▸ Brief
All of the listing below must be repeated word for word. Pictures are the only thing to omit.

▸ Given material
- - - - -
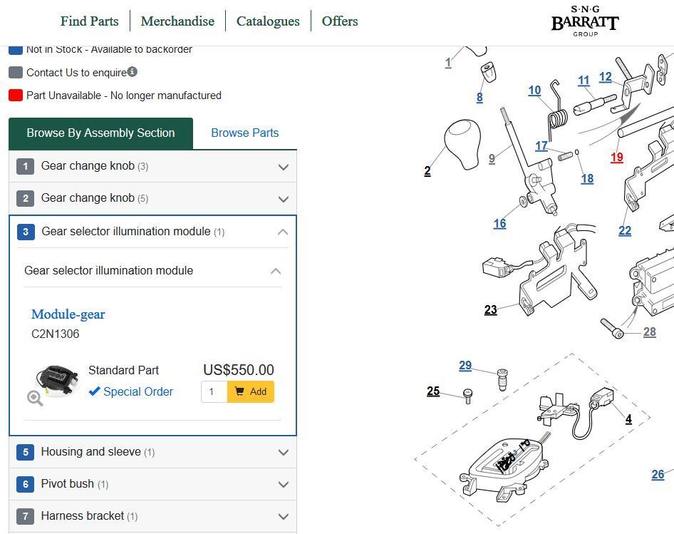 Jaguar Classic Parts never has its pages indexed by Google but the part seems to be available here, https://parts.jaguarlandroverclassic...on-module.html. Different part number than above but if you look at the parts diagram I think it's just because it includes the connector listed as #4. Very good price relative, I may buy one. I bought a nice one on eBay for about $100 but the screw holes were stripped so I just removed the face and put it on mine. The plastic on the bottom is prone to breaking but I just used some JB Kwikweld for plastics and it worked out fine. The one I bought had white back lighting for gears even when not selected, which mine does not have.
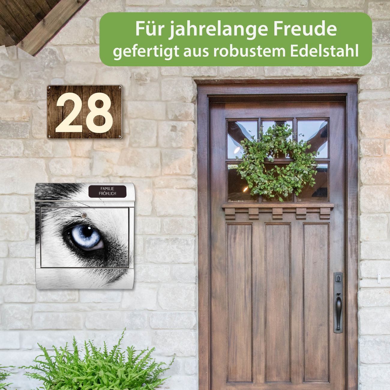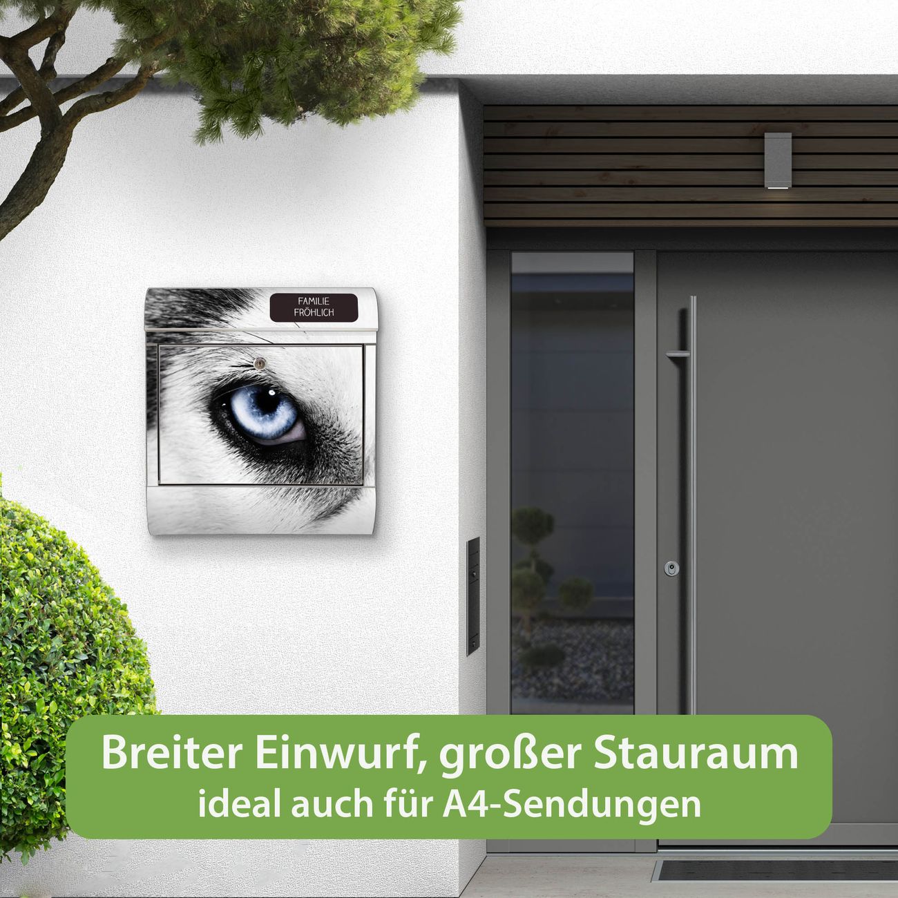 FUNKTION: Der banjado Edelstahl Briefkasten mit Motiv Motiv Anouk bietet Ihnen mit seinem Fassungsvermögen genügend Platz auch für große A4 Sendungen. Das integrierte Zeitungsfach eignet sich hervorragend um unkompliziert die Tageszeitung zu fassen. Auf Wunsch können Sie bei uns den passenden Ständer kaufen und so aus dem Wandbriefkasten einen Standbriefkasten machen. DESIGN: Der Motivbriefkasten hat ein sehr ansprechendes und ausgefallenes Design, damit entlocken Sie Ihren Nachbarn und dem Postboten ein Lächeln. Heben Sie Sich ab von der tristen grauen Masse ohne auf Funktionalität zu verzichten. DETAILS: Der Design Briefkasten mit Motiv Motiv Anouk besteht aus hochwertigem 18/0 Edelstahl. Das Motiv besteht aus einer wetter- und UV-resistenten Folie, die mit einem Schutzlaminat überzogen ist. Der Briefkasten wird mit Montagematerial und zwei Schlüsseln geliefert. NUTZEN: Sie können diesen Briefkasten sowohl als Wandbriefkasten montieren oder einen passenden Ständer auswählen und als Standbriefkasten einbetonieren. Die Größe bietet genügend Platz für Sendungen aller Art, das hochwertige Edelstahl ist rostfrei und die Motivfolie absolut wetterfest. SCHUTZ: Um Ihre Post optimal vor Witterungseinflüssen wie Starkregen zu schützen, empfehlen wir, den Briefkasten geschützt anzubringen. BANJADO: Ihr Briefkasten wird in Sachsen in einer kleinen Manufaktur von Hand veredelt. Die Motivfolie ist lösungsmittelfrei und schutzlaminiert, dies sorgt für einen langen Halt. Wir legen großen Wert auf die Verbindung von Funktionalität und Design. Sie erhalten Handarbeit aus Sachsen.
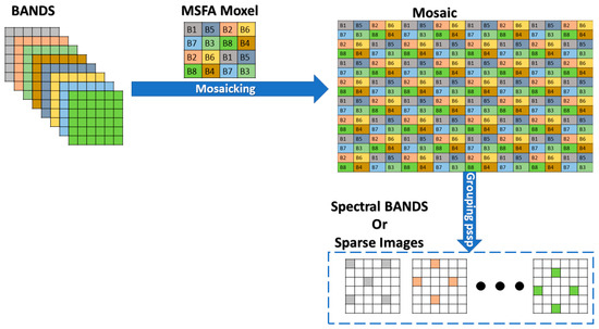 A mosaic image captured by our camera produces 8 sparse images after grouping pixels with similar spectral properties. Since we will be working with fully defined images, we use our MSFA moxel to generate mosaics from them. Figure 2 illustrates the mosaicking process with our MSFA moxel and the grouping of pixels with similar spectral properties into sparse images.
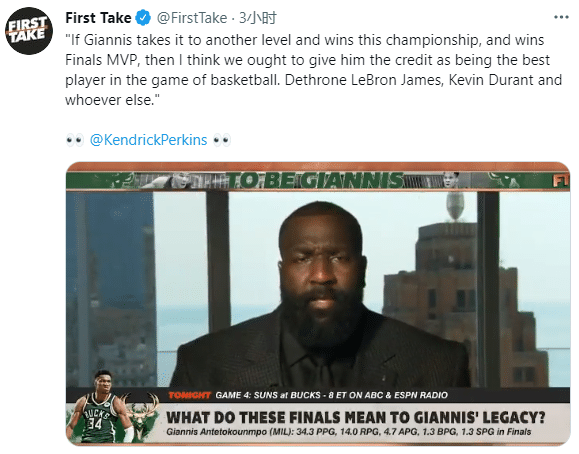 帕金斯还表示,如果字母哥碰巧赢得总冠军和FMVP,我会像之前对待库里那样公开道歉,米德尔顿仍然是蝙蝠侠。
- - - - -
▸ Task result
 Jaguar Classic Parts never has its pages indexed by Google but the part seems to be available here, https://parts.jaguarlandroverclassic...on-module.html. Different part number than above but if you look at the parts diagram I think it's just because it includes the connector listed as #4. Very good price relative, I may buy one. I bought a nice one on eBay for about $100 but the screw holes were stripped so I just removed the face and put it on mine. The plastic on the bottom is prone to breaking but I just used some JB Kwikweld for plastics and it worked out fine. The one I bought had white back lighting for gears even when not selected, which mine does not have.
 FUNKTION: Der banjado Edelstahl Briefkasten mit Motiv Motiv Anouk bietet Ihnen mit seinem Fassungsvermögen genügend Platz auch für große A4 Sendungen. Das integrierte Zeitungsfach eignet sich hervorragend um unkompliziert die Tageszeitung zu fassen. Auf Wunsch können Sie bei uns den passenden Ständer kaufen und so aus dem Wandbriefkasten einen Standbriefkasten machen. DESIGN: Der Motivbriefkasten hat ein sehr ansprechendes und ausgefallenes Design, damit entlocken Sie Ihren Nachbarn und dem Postboten ein Lächeln. Heben Sie Sich ab von der tristen grauen Masse ohne auf Funktionalität zu verzichten. DETAILS: Der Design Briefkasten mit Motiv Motiv Anouk besteht aus hochwertigem 18/0 Edelstahl. Das Motiv besteht aus einer wetter- und UV-resistenten Folie, die mit einem Schutzlaminat überzogen ist. Der Briefkasten wird mit Montagematerial und zwei Schlüsseln geliefert. NUTZEN: Sie können diesen Briefkasten sowohl als Wandbriefkasten montieren oder einen passenden Ständer auswählen und als Standbriefkasten einbetonieren. Die Größe bietet genügend Platz für Sendungen aller Art, das hochwertige Edelstahl ist rostfrei und die Motivfolie absolut wetterfest. SCHUTZ: Um Ihre Post optimal vor Witterungseinflüssen wie Starkregen zu schützen, empfehlen wir, den Briefkasten geschützt anzubringen. BANJADO: Ihr Briefkasten wird in Sachsen in einer kleinen Manufaktur von Hand veredelt. Die Motivfolie ist lösungsmittelfrei und schutzlaminiert, dies sorgt für einen langen Halt. Wir legen großen Wert auf die Verbindung von Funktionalität und Design. Sie erhalten Handarbeit aus Sachsen.
 A mosaic image captured by our camera produces 8 sparse images after grouping pixels with similar spectral properties. Since we will be working with fully defined images, we use our MSFA moxel to generate mosaics from them. Figure 2 illustrates the mosaicking process with our MSFA moxel and the grouping of pixels with similar spectral properties into sparse images.
 帕金斯还表示,如果字母哥碰巧赢得总冠军和FMVP,我会像之前对待库里那样公开道歉,米德尔顿仍然是蝙蝠侠。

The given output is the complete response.